If you’re a regular reader of this blog, or the Calgary Sun newspaper, then you know that we are not fans of stupid, wasteful spending by our governments.
And it’s always nice to know we’re not alone.
Not to give another outlet too much credit, but Maclean’s magazine has a great cover piece this week titled “99 stupid things the government did with your money.”
It’s a pretty comprehensive list, including stupidity at the federal, provincial and municipal level. Calgary gets rapped for the public art expected to grace the airport tunnel, as well as the tens of thousands spent in court over a $100 ticket given to our notorious street preacher.
I’m a touch disappointed the soon-to-open Peace Bridge didn’t make the cut for stupidity. It has all the requirements: dodgy process, lack of design competition, big price tag, proximity to other bridges, and it even violates the city’s overarching policy it was supposed to help us meet.
But I digress.
While all the items should be of note to governments and citizens across the country, there was one that should give us pause.

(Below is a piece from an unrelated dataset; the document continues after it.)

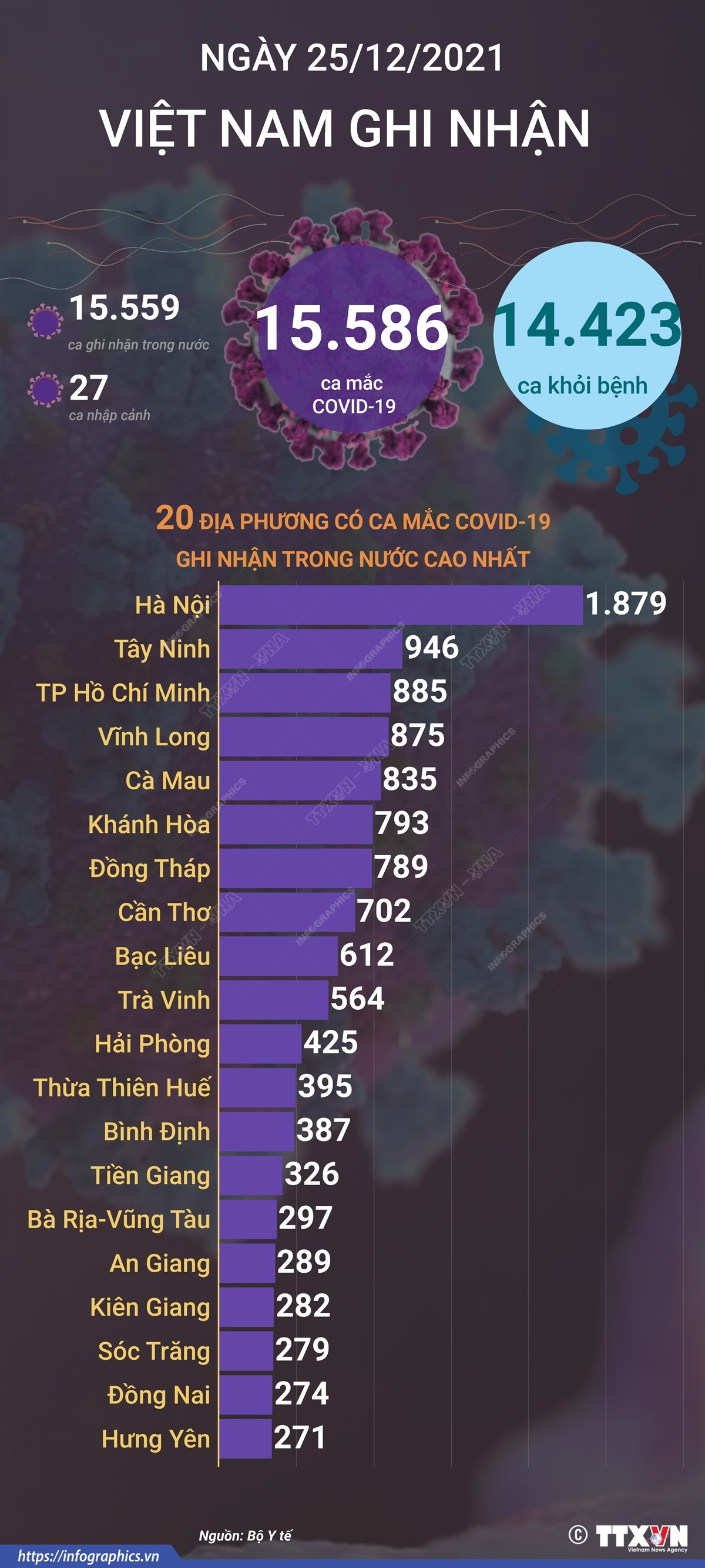 Tính từ 16h ngày 24/12 đến 16h ngày 25/12/2021, Việt Nam ghi nhận 15.586 ca mắc mới COVID-19, trong đó 27 ca nhập cảnh và 15.559 ca trong nước tại 57 tỉnh, thành phố.

Late last year, the Sun pointed out to Calgarians members of council were looking to spend millions on a bike share program to allow cycle commuting around the core.
This, despite repeated pleas the city could possibly cut anything more out of the upcoming budget.
As Michael Platt points out in the column linked there above, Ald. Druh Farrell suggested Calgary copy Montreal’s vaunted Bixi bike share.
The problem, as Maclean’s points out, is that Bixi isn’t a model anyone should be following.
The City of Montreal has been forced to give municipally owned, and money-losing, Bixi $108 million in loans and loan guarantees as it has run into problems after expanding into Toronto and Ottawa.
Mayor Gérald Tremblay insisted taxpayer money would all be paid back once Bixi becomes an international bike-sharing powerhouse. Not so fast, warned the city’s auditor general. Montreal taxpayers could suffer significant losses, he said, because “basic rules of management were neglected or circumvented.”
As Calgary city audits have shown, neglecting basic rules of management is not something exclusive to Montreal.
The money needed to start up a bike share program in Calgary is far from the $108 million bailing out Bixi, but it would be stupid to spend anything on a program that isn’t in any way a necessity to make Calgary a better place.
Beyond that, proponents of the program haven’t managed to dig up anyone pining for such an extravagance.
When the item was up for discussion at a city committee in December, no one interested in the plan was present to pitch for it.
In my first column of 2012, I asked people to resolve not to be so stupid this year. Killing the bike share discussion would be a step in the right direction.